== WHAT TO DO ==
In the entries that follow, repeat exactly the lines from the one that has "La Federación de" through the one that has "Eres' 'Madone' dress", but omit pictures.

== RECORD EXCERPTS ==

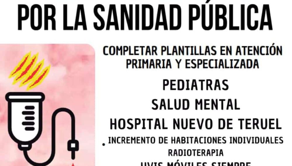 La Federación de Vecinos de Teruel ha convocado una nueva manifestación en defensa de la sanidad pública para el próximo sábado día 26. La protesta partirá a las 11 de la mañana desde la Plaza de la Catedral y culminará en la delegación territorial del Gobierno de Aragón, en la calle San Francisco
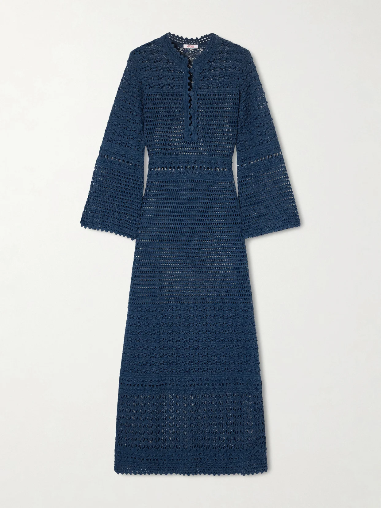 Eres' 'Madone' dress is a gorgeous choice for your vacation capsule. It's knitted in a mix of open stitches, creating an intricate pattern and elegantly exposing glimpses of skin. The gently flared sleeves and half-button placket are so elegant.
==
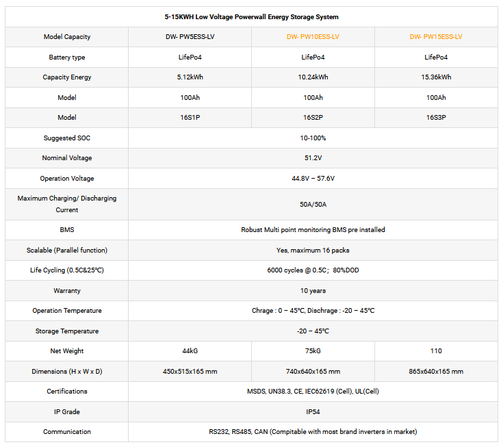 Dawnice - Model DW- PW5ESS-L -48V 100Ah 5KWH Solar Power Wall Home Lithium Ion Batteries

== EXERCISE SOLUTION ==
 La Federación de Vecinos de Teruel ha convocado una nueva manifestación en defensa de la sanidad pública para el próximo sábado día 26. La protesta partirá a las 11 de la mañana desde la Plaza de la Catedral y culminará en la delegación territorial del Gobierno de Aragón, en la calle San Francisco
 Eres' 'Madone' dress is a gorgeous choice for your vacation capsule. It's knitted in a mix of open stitches, creating an intricate pattern and elegantly exposing glimpses of skin. The gently flared sleeves and half-button placket are so elegant.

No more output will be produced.